A Glimpse Into My Country is a collection of international, fiction and non-fiction, short stories giving the reader a chance to travel from France to England, to Zimbabwe, to India, to South Africa, to Nepal, to Bangladesh and to discover something new about each country through the lens of new and published authors.

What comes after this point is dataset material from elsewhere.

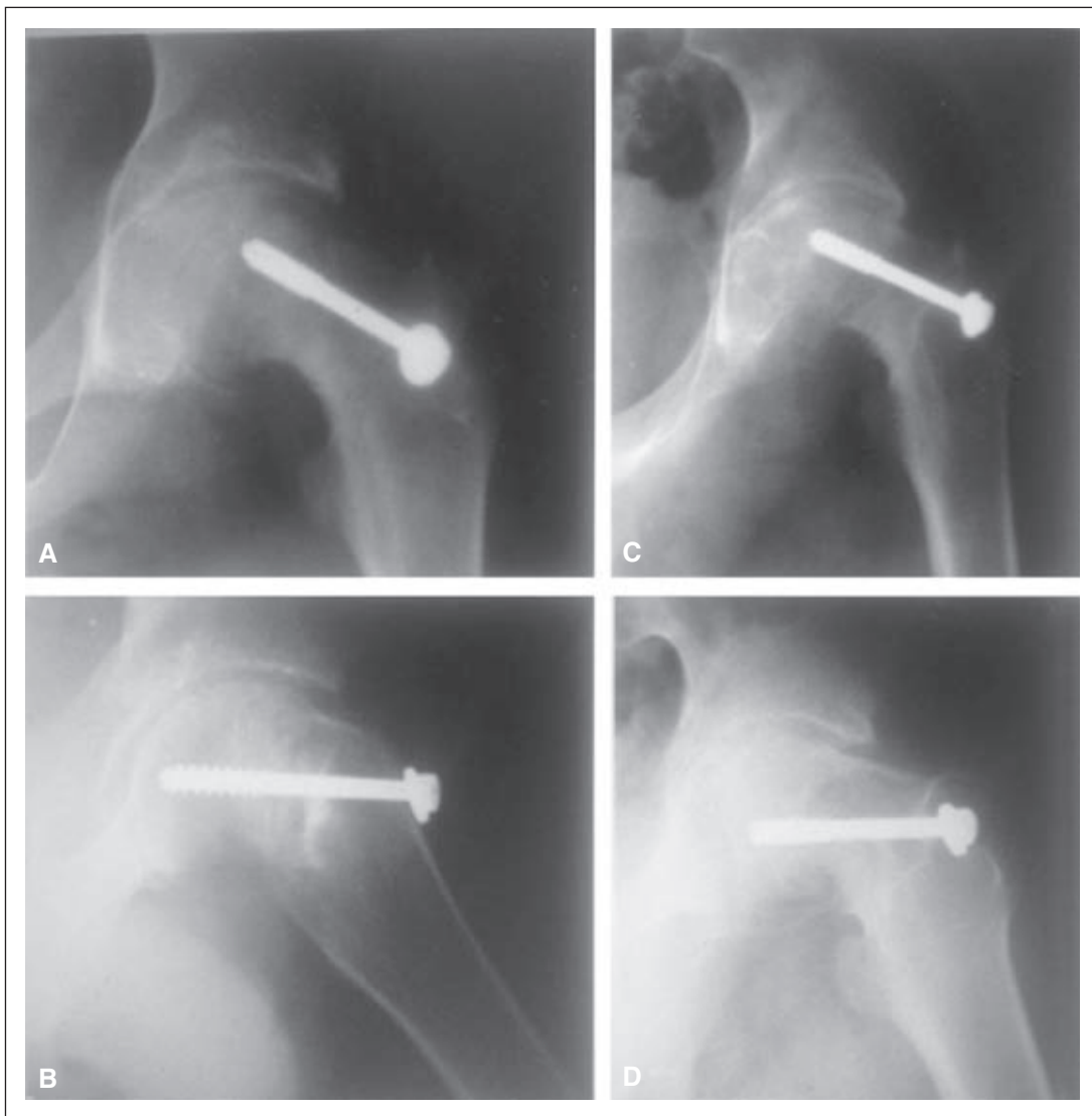
Figura 3. A y B. Radiografías de frente y de perfil, posoperatorio inmediato de un deslizamiento crónico grave fijado in situ. C y D. Radiografías del mismo paciente a los 48 meses de seguimiento. Se observa un rápido deterioro radiográfico. En las radiografías A y B, el grado de Tonnis es 2 y, en las radiografías C y D, 3 con pseudoquistes epifisarios, deformidad y pinzamiento grave. El paciente tuvo una condrólisis como complicación.

The writers from Nepal include Mahesh Paudyal, Sanjib Chaudhary, Mamata Mishra, Jayant Sharma, Neelima Shrestha, Sangita Swechcha & Deepak Rana. The other contributors are Mitali Chakravarty (India), Farah Ghuznavi (Bangladesh), Micaela Grove (South Africa), Norma Hall (Zimbabwe), Derek McMillan (England), Sara Kapadia (UK), and Andrée Roby (France).

About the Editors:

Andrée Roby

After spending over thirty-five years in South London, Régine, originally from France, now lives in West Sussex. She writes under the pen name of Andrée Roby, a name she chose as a tribute to her father (André) and her uncle (Roby). Régine is fluent in French, Spanish and English. As a language teacher, she has a passion for the written word. Her novella “Double Vision” – a creative crime drama, was published in January 2019 and revamped in July2021. Her second book published in April 2020 is a collection of original poems, flash fiction and short stories.  Her crime fiction “Failed Vision”, launched in October 2020, is the prequel to “Double Vision”.


Dr Sangita Swechcha

Dr Sangita Swechcha is an ardent lover of literature from an early age, Sangita has published a novel and co-authored a collection of short stories before the collection ‘Gulafsanga ko Prem’, collection of short stories. She has many short stories, poems and articles published in various international journals and online portals. She was the Guest Editor for the ‘Nepali Literature Month – Nov 2019’ held at Global Literature in Libraries Initiative (GLLI), a USA based organisation. ‘The Himalayan Sunrise: Exploring Nepal’s Literary Horizon’ edited by Sangita Swechcha and Karen Van Drie was released in London in November 2021. The book, A Glimpse Into My Country, is the second publication from Book Hill International. Currently, Sangita Swechcha is working on her second novel.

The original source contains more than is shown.